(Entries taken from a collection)
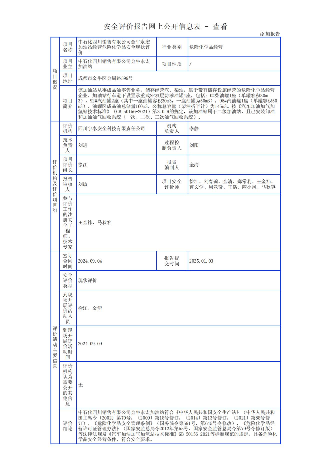 中石化四川销售有限公司金牛永宏加油站经营危险化学品安全现状评价报告
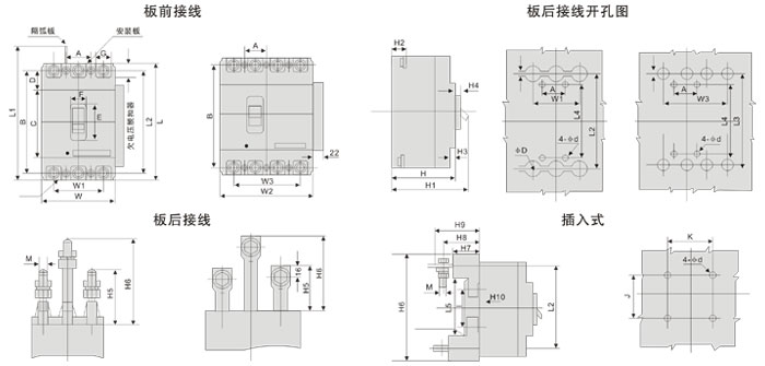 按產(chǎn)品極數(shù)分為二極、三極與四極,四極產(chǎn)品中中性極(N極)的型試分四種: A型:N極不安裝過(guò)電流脫扣器,且N極始終接通,不與其它三極一起合分; B型:N極不安裝過(guò)電流脫扣器,且N極與其它一極一起合分(N極先合后分); C型:N極安裝過(guò)電流脫扣器,且N極與其它三極一起合分(N極先合后分); D型:N極安裝這電流脫扣器,且N極始終接通,不與其它三極一起合分。 按額定電流分: GM1-63為(6)、10、16、20、25、32、40、50、63A九級(jí)(6A規(guī)格無(wú)過(guò)載保護(hù)) GM1-100為(10)、16、20、25、32、40、50、63、80、100A十級(jí); GM1-160為100、125、140、160A四級(jí); GM1-225為100、125、140、160、180、200、225A七級(jí); GMl-400為225、250、315、350、400A’~’級(jí); GM1-630為400、500、630A三級(jí); GM1-800為630、700、800A三級(jí); 按接線方式分:板前接線、板后接線、插入式接線三種。 按過(guò)電流脫扣器型式分熱動(dòng)—電磁(復(fù)式)型、電磁(瞬時(shí))型兩種。 按斷路器有無(wú)附件分帶附件和不帶附件兩種。 |
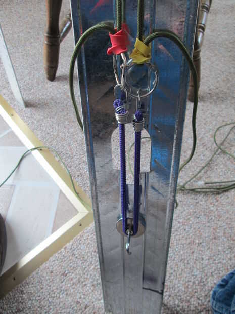 Entonces puse un mini bungee en; con un leve tirón pongo el bungee alrededor del gancho magnético de fondo.
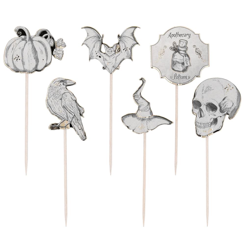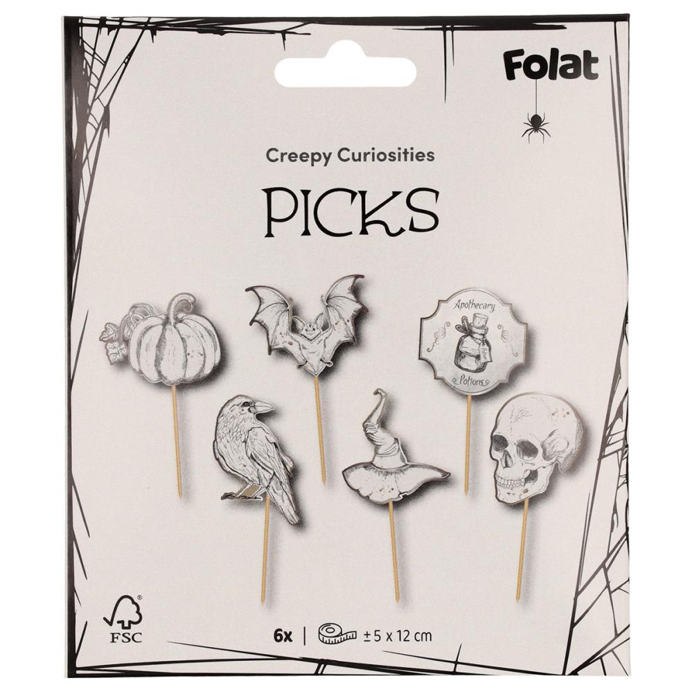 Partypicks Halloween 6-pak består af 6 styk partypicks med én af hver af følgende dekorative figurer: et græskar, en ravn, en flagermus, en heksehat, en heksedrik og et dødningehoved. Motiverne er trykt på begge sider og har skinnende gulddetaljer.
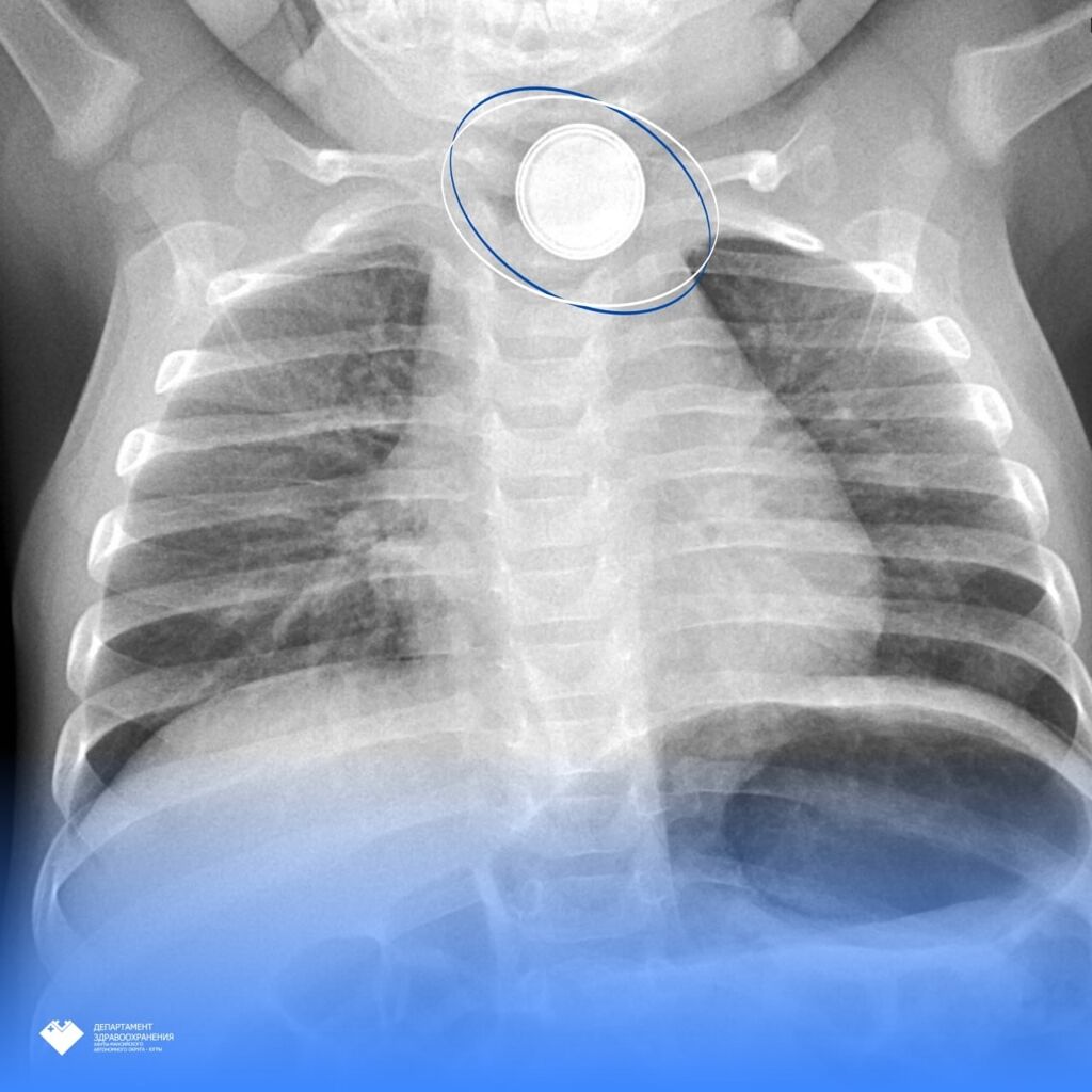 Как рассказали в пресс-службе Здравоохранения Югры, в Нефтеюганскую районную больницу на скорой привезли 11-месячного малыша. Родители заподозрили, что ребенок проглотил опасный предмет и решили вызвать врачей. Рентген подтвердил, что в теле младенца находился инородный предмет, который застрял в верхней части пищевода. Когда врачи об этом узнали, ребенка срочно эвакуировали в Сургут в Центр охраны материнства и детства.

▶ **Work instructions**
An exact reprint of the records above is required, with all pictures left out.

▶ **Answer below**
 中石化四川销售有限公司金牛永宏加油站经营危险化学品安全现状评价报告
 按產(chǎn)品極數(shù)分為二極、三極與四極,四極產(chǎn)品中中性極(N極)的型試分四種: A型:N極不安裝過(guò)電流脫扣器,且N極始終接通,不與其它三極一起合分; B型:N極不安裝過(guò)電流脫扣器,且N極與其它一極一起合分(N極先合后分); C型:N極安裝過(guò)電流脫扣器,且N極與其它三極一起合分(N極先合后分); D型:N極安裝這電流脫扣器,且N極始終接通,不與其它三極一起合分。 按額定電流分: GM1-63為(6)、10、16、20、25、32、40、50、63A九級(jí)(6A規(guī)格無(wú)過(guò)載保護(hù)) GM1-100為(10)、16、20、25、32、40、50、63、80、100A十級(jí); GM1-160為100、125、140、160A四級(jí); GM1-225為100、125、140、160、180、200、225A七級(jí); GMl-400為225、250、315、350、400A’~’級(jí); GM1-630為400、500、630A三級(jí); GM1-800為630、700、800A三級(jí); 按接線方式分:板前接線、板后接線、插入式接線三種。 按過(guò)電流脫扣器型式分熱動(dòng)—電磁(復(fù)式)型、電磁(瞬時(shí))型兩種。 按斷路器有無(wú)附件分帶附件和不帶附件兩種。 |
 Entonces puse un mini bungee en; con un leve tirón pongo el bungee alrededor del gancho magnético de fondo.
 Partypicks Halloween 6-pak består af 6 styk partypicks med én af hver af følgende dekorative figurer: et græskar, en ravn, en flagermus, en heksehat, en heksedrik og et dødningehoved. Motiverne er trykt på begge sider og har skinnende gulddetaljer.
 Как рассказали в пресс-службе Здравоохранения Югры, в Нефтеюганскую районную больницу на скорой привезли 11-месячного малыша. Родители заподозрили, что ребенок проглотил опасный предмет и решили вызвать врачей. Рентген подтвердил, что в теле младенца находился инородный предмет, который застрял в верхней части пищевода. Когда врачи об этом узнали, ребенка срочно эвакуировали в Сургут в Центр охраны материнства и детства.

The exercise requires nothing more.